I have as a demo a folder with 3 DC slide deck pdf files. Let's read from and write to the same folder. 

In [1]:
## setup chunk
import os
import pdfminer
import time
import re
import io

Next we first explore and list out all directory contents (as a list of filenames).

In [2]:
# list files from target directory
from os import listdir
path1 = u"/Users/anmol/Dropbox/isb/Term1/Data Collection/Lec5/PDF in py/pdfs in py/"
filesList = os.listdir(path1)

In [3]:
# using regex to retain only .pdf files
import re
filesFiltered = [f for f in filesList if re.search(r'\.pdf',f)]
filesFiltered

['bookdown-tweepy.pdf.txt',
 'lec 2 slide deck april 2019.pdf',
 'bookdown-tweepy.pdf',
 'lec 1 slide deck for LMS.pdf']

### Write Func to convert one pdf file to text

Idea is simple. If I can convert one pdf file, I can loop over the list and convert them all.

In [4]:
# converting one pdf file to text
from io import StringIO
from io import BytesIO
from io import BytesIO as StringIO
from urllib.request import urlopen
from pdfminer.pdfinterp import PDFResourceManager, PDFPageInterpreter
from pdfminer.converter import TextConverter
from pdfminer.layout import LAParams
from pdfminer.pdfpage import PDFPage
import os
import sys, getopt

In [5]:
## func to convert pdf, return its text content as a string
def convert(fname, pages=None):
    if not pages:
        pagenums = set()
    else:
        pagenums = set(pages)

    output = StringIO()
    manager = PDFResourceManager()
    converter = TextConverter(manager, output, laparams=LAParams())
    interpreter = PDFPageInterpreter(manager, converter)
    print(os.path.join(fname))
    infile = open(fname, 'rb')
    for page in PDFPage.get_pages(infile, pagenums):
        interpreter.process_page(page)
    infile.close()
    converter.close()
    text = output.getvalue()
    output.close
    return text 

Notice the exception-handling done above for when num of pages to convert is not specified.
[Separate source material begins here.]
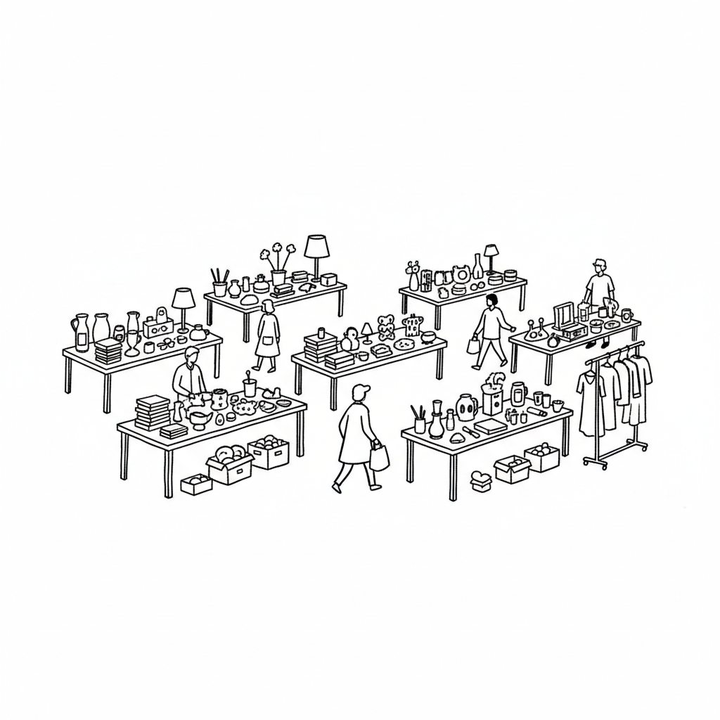 Schwarz-weiß-Illustration eines belebten Flohmarktes mit Tischen voller Waren und Menschen.

Best practice is to always test drive a func after writing it.

Any errors that show up will have to be handled with exception-handling etc.

In [6]:
## trial the func
fname = os.path.join(path1 + filesFiltered[2])
#print(fname)
#fname = fname.replace(" ", "\\ ")
print(fname)
t1 = time.time()
text1 = convert(fname, pages=None)
time.time() - t1  # 0.89 secs

/Users/anmol/Dropbox/isb/Term1/Data Collection/Lec5/PDF in py/pdfs in py/bookdown-tweepy.pdf
/Users/anmol/Dropbox/isb/Term1/Data Collection/Lec5/PDF in py/pdfs in py/bookdown-tweepy.pdf


0.5651040077209473

In [7]:
print(text1[0:200])   # view first 200 odd chars of the output

b'Working with twitter in Python\n\nAashish Pandey\n\n2018-01-09\n\n\x0c2\n\n\x0cContents\n\n1 tweepy - A Python library for accessing the Twitter API\n\n2 - Creating the app\n\n3 - Getting Started\n\n4 - Getting all tweets '


### Looping above func over all files in Dir

In [11]:
## func to convert all pdfs in input directory (inpDir), save resulting txt files to outDir
def convertMultiple(inpDir, outDir):
    if inpDir == "": pdfDir = os.getcwd() + "\\" #if no pdfDir passed in 
    for pdf in os.listdir(inpDir): #iterate through pdfs in pdf directory
        fileExtension = pdf.split(".")[-1]
        if fileExtension == "pdf":
            pdfFilename = inpDir + pdf 
            text = convert(pdfFilename) #get string of text content of pdf
            textFilename = outDir + pdf + ".txt"
            textFile = io.open(textFilename, "wb", encoding = "utf-8") # make text file
            textFile.write(text) #write text to text file

In [12]:
# define trial folders
inpDir = path1
outDir = path1

In [13]:
# test-driving the func
t1 = time.time()
convertMultiple(inpDir, outDir)
time.time() - t1  # 3.8 secs

/Users/anmol/Dropbox/isb/Term1/Data Collection/Lec5/PDF in py/pdfs in py/lec 2 slide deck april 2019.pdf


ValueError: binary mode doesn't take an encoding argument

Done. Nice and easy.

Sudhir

In [None]:
import sys 
reload(sys)
sys.setdefaultencoding('utf-8')